Re: [Xmldatadumps-l] Wikipedia page content dump based on category

9 Oct 2012

Hi Pablo,

Thank you for pointing to the right link. DBPedia seems to be the place for
me to use for querying the information.

Regards,
Venkatesh

On Tue, Oct 9, 2012 at 3:01 PM, Pablo N. Mendes &lt;pablomendes(a)gmail.com&gt;wrote;wrote:

...

 You should probably take a look at DBpedia.

 Go to http://dbpedia.org/sparql and try this query:

 select distinct * where {
   ?song <http://purl.org/dc/terms/subject> <
 http://dbpedia.org/resource/Category:Hindi_songs> .
   ?song rdf:type <http://dbpedia.org/ontology/Song> .
   ?song <http://dbpedia.org/ontology/artist> ?artist .
   ?song <http://dbpedia.org/ontology/runtime> ?runtime .
 }
 limit 100

 If that's interesting for you there is more info at:
 http://dbpedia.org/

 In that case, the right list would be:
 https://lists.sourceforge.net/lists/listinfo/dbpedia-users

 Cheers,
 Pablo

 On Mon, Oct 8, 2012 at 4:45 PM, Venkatesh Channal <
 venkateshchannal(a)gmail.com&gt; wrote:

  Hi,

 I would like to fetch all page text information of all wiki pages that
 belong to a movie category.
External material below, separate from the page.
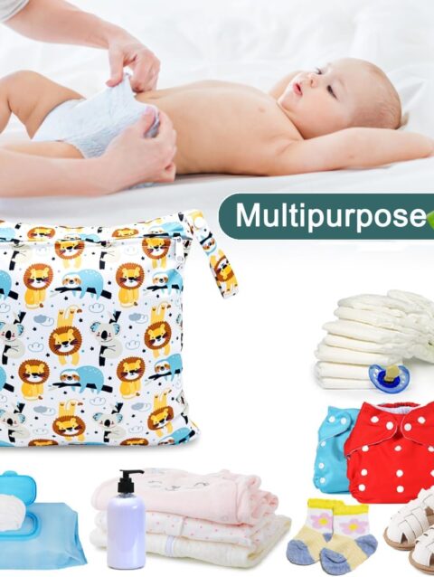 HOTLIKE Windeltasche, wasserdichte Stofftaschen 2 Stück Wetbag Kindergarten, Nassbeutel Nasstasche Baby Wickeltasche, Wiederverwendbare Organiser, Multifunktionale für Baby Reisen Unterwegs Gym, Weiß
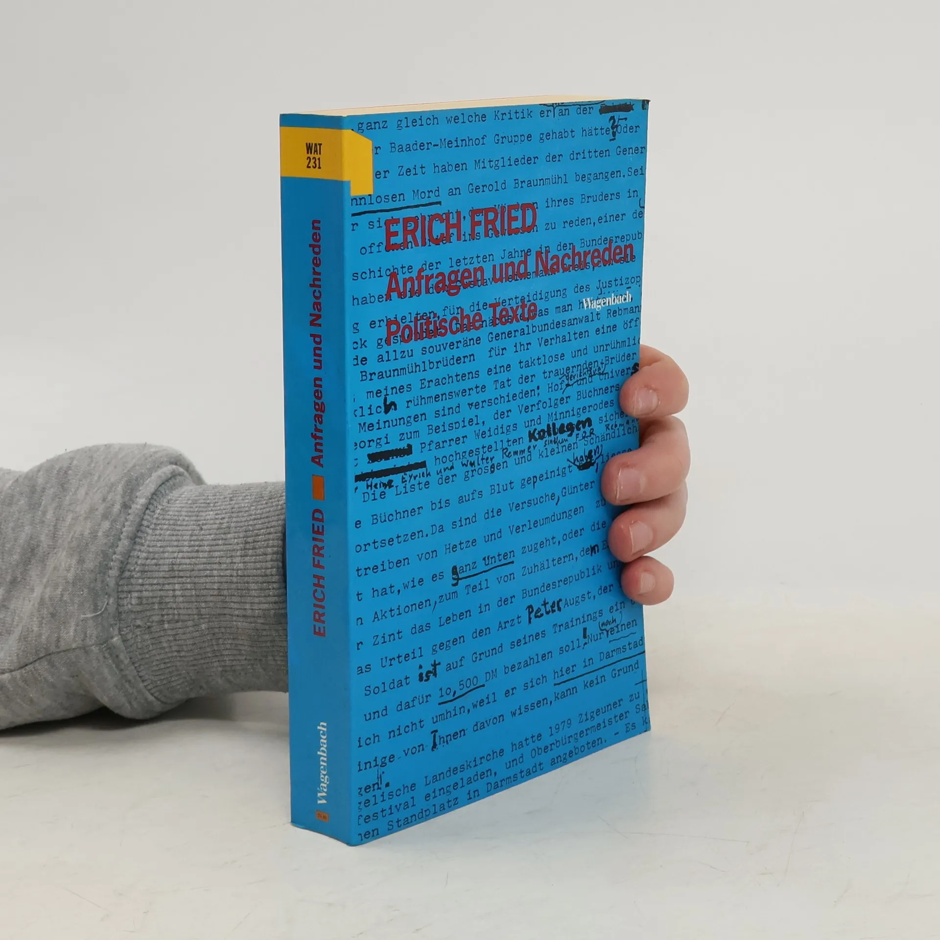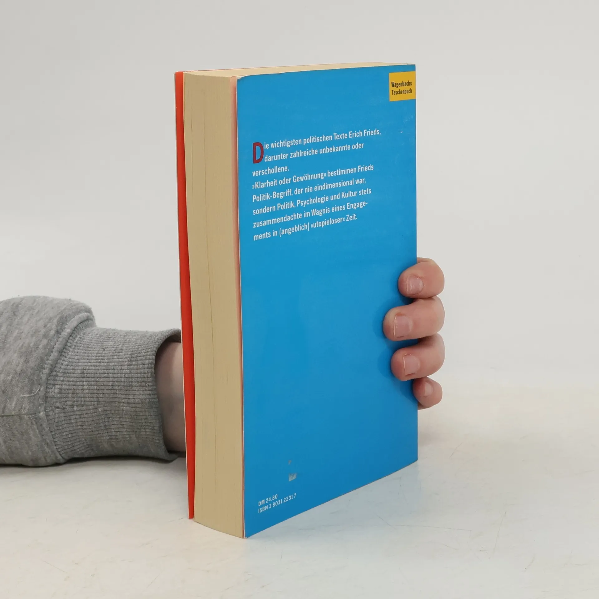 Die wichtigsten politischen Texte Erich Frieds, darunter zahlreiche unbekannte oder verschollene. Zusammengetragen aus längst vergriffenen Büchern, Anthologien, Rundfunkarchiven: Entstanden ist ein eindruckvolles Portrait des politischen Denkens von Erich Fried, von seinen frühen antistalinistischen Rundfunktexten und dem Statement »Warum lebe ich nicht in der Bundesrepublik?« von 1963, über Äußerungen zum deutschen (und österreichischen) Faschismus und zur Wetterlage des »Deutschen Herbstes« (1977), bis zu Fragen nach dem, was links sei, in Ost und West, oder was jüdische Identität bedeute – eingeschlossen die polemische, in Todesnähe formulierte Quintessenz der Büchnerpreis-Rede von 1987.

Eg:
 http://en.wikipedia.org/wiki/Category:Hindi_songs

 From the page text I would like to extract information related to song
 title, song length, singer, name of movie/album etc. I am not interested in
 extracting images just the information about the song.

 My questions:

 1) Is there a way to download only those pages that I am interested in
 that belong to a particular category instead of downloading the entire dump?

 2) Is it required to have PHP knowledge to install the db dump on a local
 machine?

 3) Are there are tools that extract the information and provide the
 required data to be stored in MySQL database?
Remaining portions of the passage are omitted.